===== Supplied entries
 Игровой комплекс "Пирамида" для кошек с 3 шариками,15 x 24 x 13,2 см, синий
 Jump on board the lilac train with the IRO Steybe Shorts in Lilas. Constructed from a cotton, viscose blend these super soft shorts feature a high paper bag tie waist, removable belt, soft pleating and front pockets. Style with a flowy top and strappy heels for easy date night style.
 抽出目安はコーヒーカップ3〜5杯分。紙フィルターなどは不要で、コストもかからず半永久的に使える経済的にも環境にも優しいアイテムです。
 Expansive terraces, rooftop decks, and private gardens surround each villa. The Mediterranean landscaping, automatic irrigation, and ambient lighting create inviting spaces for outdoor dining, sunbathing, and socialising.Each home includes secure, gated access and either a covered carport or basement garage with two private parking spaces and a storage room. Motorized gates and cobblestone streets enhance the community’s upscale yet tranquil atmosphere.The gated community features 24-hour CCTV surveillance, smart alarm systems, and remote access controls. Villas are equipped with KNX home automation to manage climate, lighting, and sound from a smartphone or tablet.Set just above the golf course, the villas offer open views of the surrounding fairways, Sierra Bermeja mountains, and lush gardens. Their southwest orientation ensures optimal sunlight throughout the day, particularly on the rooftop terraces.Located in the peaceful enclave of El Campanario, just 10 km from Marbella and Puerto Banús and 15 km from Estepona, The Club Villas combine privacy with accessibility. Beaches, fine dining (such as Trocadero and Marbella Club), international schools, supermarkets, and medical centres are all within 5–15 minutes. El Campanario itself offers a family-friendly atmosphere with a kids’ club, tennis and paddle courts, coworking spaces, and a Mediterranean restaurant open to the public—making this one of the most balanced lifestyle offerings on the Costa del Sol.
==========
===== Supplied entries
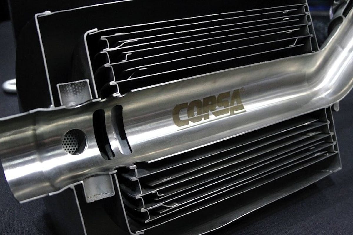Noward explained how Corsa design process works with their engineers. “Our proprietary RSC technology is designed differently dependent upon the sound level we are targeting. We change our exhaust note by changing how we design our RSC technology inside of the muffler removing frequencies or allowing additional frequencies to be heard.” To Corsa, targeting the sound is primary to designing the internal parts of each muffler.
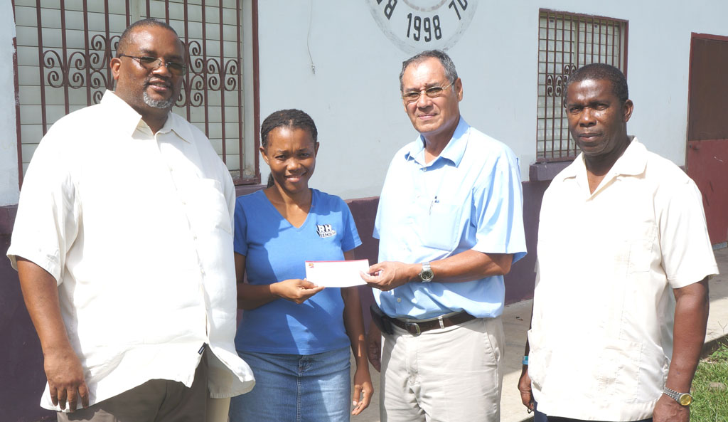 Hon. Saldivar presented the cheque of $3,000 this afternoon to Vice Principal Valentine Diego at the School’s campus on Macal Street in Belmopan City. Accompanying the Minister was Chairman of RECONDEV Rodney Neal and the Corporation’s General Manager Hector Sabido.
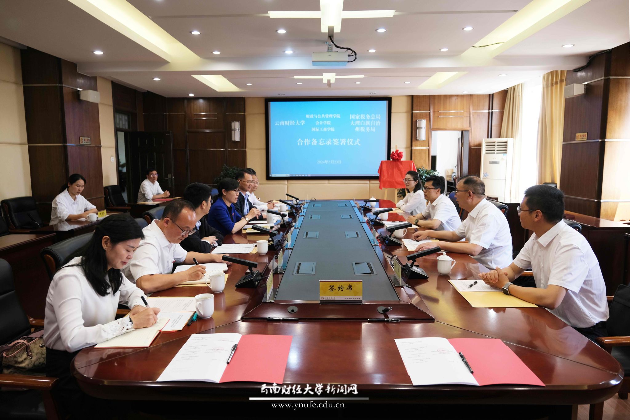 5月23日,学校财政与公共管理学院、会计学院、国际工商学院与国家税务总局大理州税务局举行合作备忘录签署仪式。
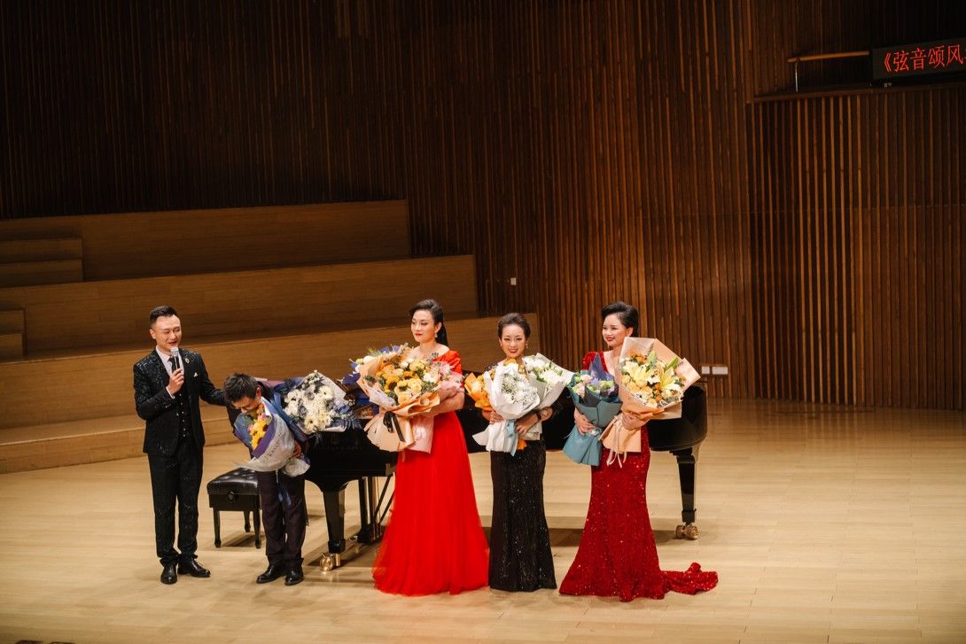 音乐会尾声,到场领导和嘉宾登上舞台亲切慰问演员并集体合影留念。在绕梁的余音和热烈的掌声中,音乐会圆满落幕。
==========
===== Supplied entries
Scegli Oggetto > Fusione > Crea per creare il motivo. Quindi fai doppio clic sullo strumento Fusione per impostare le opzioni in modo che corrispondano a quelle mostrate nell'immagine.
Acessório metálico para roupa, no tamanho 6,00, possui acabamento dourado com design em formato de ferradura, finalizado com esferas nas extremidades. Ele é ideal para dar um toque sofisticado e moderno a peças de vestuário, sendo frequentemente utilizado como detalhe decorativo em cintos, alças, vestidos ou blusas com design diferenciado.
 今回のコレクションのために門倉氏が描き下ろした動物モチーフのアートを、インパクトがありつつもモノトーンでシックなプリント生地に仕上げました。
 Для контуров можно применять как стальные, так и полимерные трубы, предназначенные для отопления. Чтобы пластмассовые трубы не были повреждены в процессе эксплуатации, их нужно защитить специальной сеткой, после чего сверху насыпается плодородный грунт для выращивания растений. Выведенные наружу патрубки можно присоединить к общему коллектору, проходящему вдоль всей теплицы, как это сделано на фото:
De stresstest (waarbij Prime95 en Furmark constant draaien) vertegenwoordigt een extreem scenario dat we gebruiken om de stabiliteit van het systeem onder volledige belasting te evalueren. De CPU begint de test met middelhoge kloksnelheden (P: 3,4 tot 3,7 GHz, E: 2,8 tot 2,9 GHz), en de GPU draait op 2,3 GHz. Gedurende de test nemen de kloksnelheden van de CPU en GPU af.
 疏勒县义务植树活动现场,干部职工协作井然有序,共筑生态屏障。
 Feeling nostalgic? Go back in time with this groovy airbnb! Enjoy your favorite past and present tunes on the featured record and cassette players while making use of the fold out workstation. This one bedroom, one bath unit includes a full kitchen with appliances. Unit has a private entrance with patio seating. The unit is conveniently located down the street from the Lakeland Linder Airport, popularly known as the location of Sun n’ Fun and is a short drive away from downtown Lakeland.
==========
### Task item
Print exactly the lines above, between the one holding "De stresstest (waarbij" and the one holding "Feeling nostalgic? Go", inclusive, and nothing besides.

### Response to the exercise
De stresstest (waarbij Prime95 en Furmark constant draaien) vertegenwoordigt een extreem scenario dat we gebruiken om de stabiliteit van het systeem onder volledige belasting te evalueren. De CPU begint de test met middelhoge kloksnelheden (P: 3,4 tot 3,7 GHz, E: 2,8 tot 2,9 GHz), en de GPU draait op 2,3 GHz. Gedurende de test nemen de kloksnelheden van de CPU en GPU af.
 疏勒县义务植树活动现场,干部职工协作井然有序,共筑生态屏障。
 Feeling nostalgic? Go back in time with this groovy airbnb! Enjoy your favorite past and present tunes on the featured record and cassette players while making use of the fold out workstation. This one bedroom, one bath unit includes a full kitchen with appliances. Unit has a private entrance with patio seating. The unit is conveniently located down the street from the Lakeland Linder Airport, popularly known as the location of Sun n’ Fun and is a short drive away from downtown Lakeland.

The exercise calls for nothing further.